**EXERCISE DATA**.

* * * * * * * * *

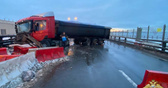 Как сообщает ГУ МВД по Петербургу и Ленобласти, около 03.30 мск 34-летний житель Волгоградской области, управляя большегрузом «Skania P400» с полуприцепом, груженым 15 тоннами щебня, не справился с управлением и совершил наезд на ограждение.
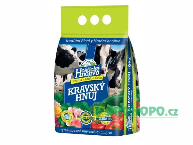 Hoštický kravský hnůj je čistě přírodní – organické – hnojivo. Hnojivo obsahuje organické látky a základní živiny (N, P, K, Ca a Mg), ale i stopové prvky např. (Fe, Mn, Mo, Zn, Cu). Hnůj přirozeně zvyšuje podíl humusu v půdě a přispívá k vyšší úrodnosti. Hoštický kravský hnůj se obzvláště hodí ke hnojení zeleniny např. celeru, kapusty, zelí, květáku, plodové zeleniny (rajčat, paprik, okurek…), ale i okrasných zahradních rostlin (např. před výsadbou konifer).
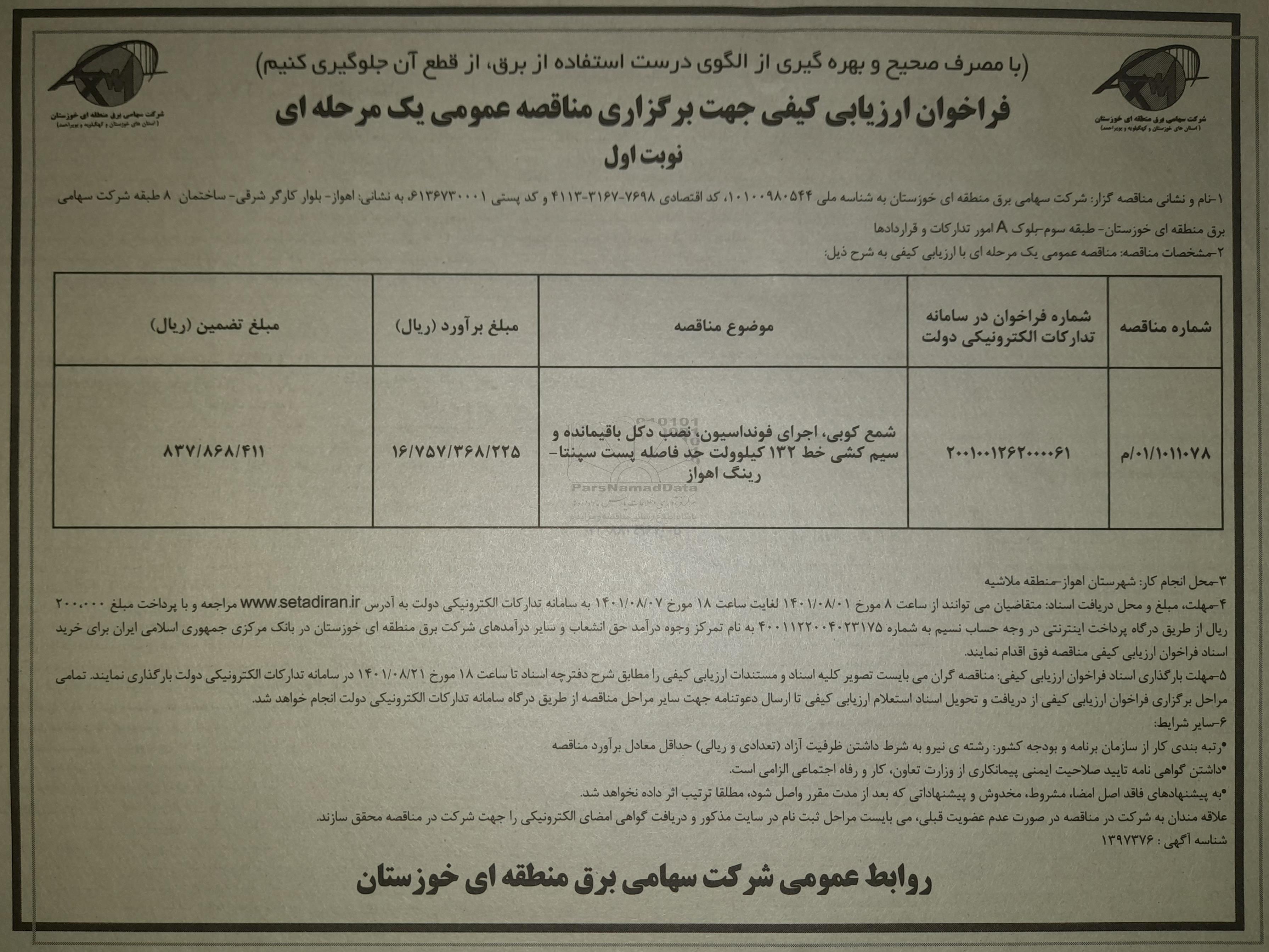 | 1011083/ 01/م | 2001001262000061 | شمع کوبی، اجرای فونداسیون، نصب دکل باقیمانده و سیم کشی خط 132 کیلوولت حد فاصله پست سپنتا - رینگ اهواز | 16.757.368.225 | 837.868.411 |

* * * * * * * * *

**TASK PROMPT**.
Every line above should be copied exactly; do not carry over the pictures.

**EXERCISE SOLUTION**.
 Как сообщает ГУ МВД по Петербургу и Ленобласти, около 03.30 мск 34-летний житель Волгоградской области, управляя большегрузом «Skania P400» с полуприцепом, груженым 15 тоннами щебня, не справился с управлением и совершил наезд на ограждение.
 Hoštický kravský hnůj je čistě přírodní – organické – hnojivo. Hnojivo obsahuje organické látky a základní živiny (N, P, K, Ca a Mg), ale i stopové prvky např. (Fe, Mn, Mo, Zn, Cu). Hnůj přirozeně zvyšuje podíl humusu v půdě a přispívá k vyšší úrodnosti. Hoštický kravský hnůj se obzvláště hodí ke hnojení zeleniny např. celeru, kapusty, zelí, květáku, plodové zeleniny (rajčat, paprik, okurek…), ale i okrasných zahradních rostlin (např. před výsadbou konifer).
 | 1011083/ 01/م | 2001001262000061 | شمع کوبی، اجرای فونداسیون، نصب دکل باقیمانده و سیم کشی خط 132 کیلوولت حد فاصله پست سپنتا - رینگ اهواز | 16.757.368.225 | 837.868.411 |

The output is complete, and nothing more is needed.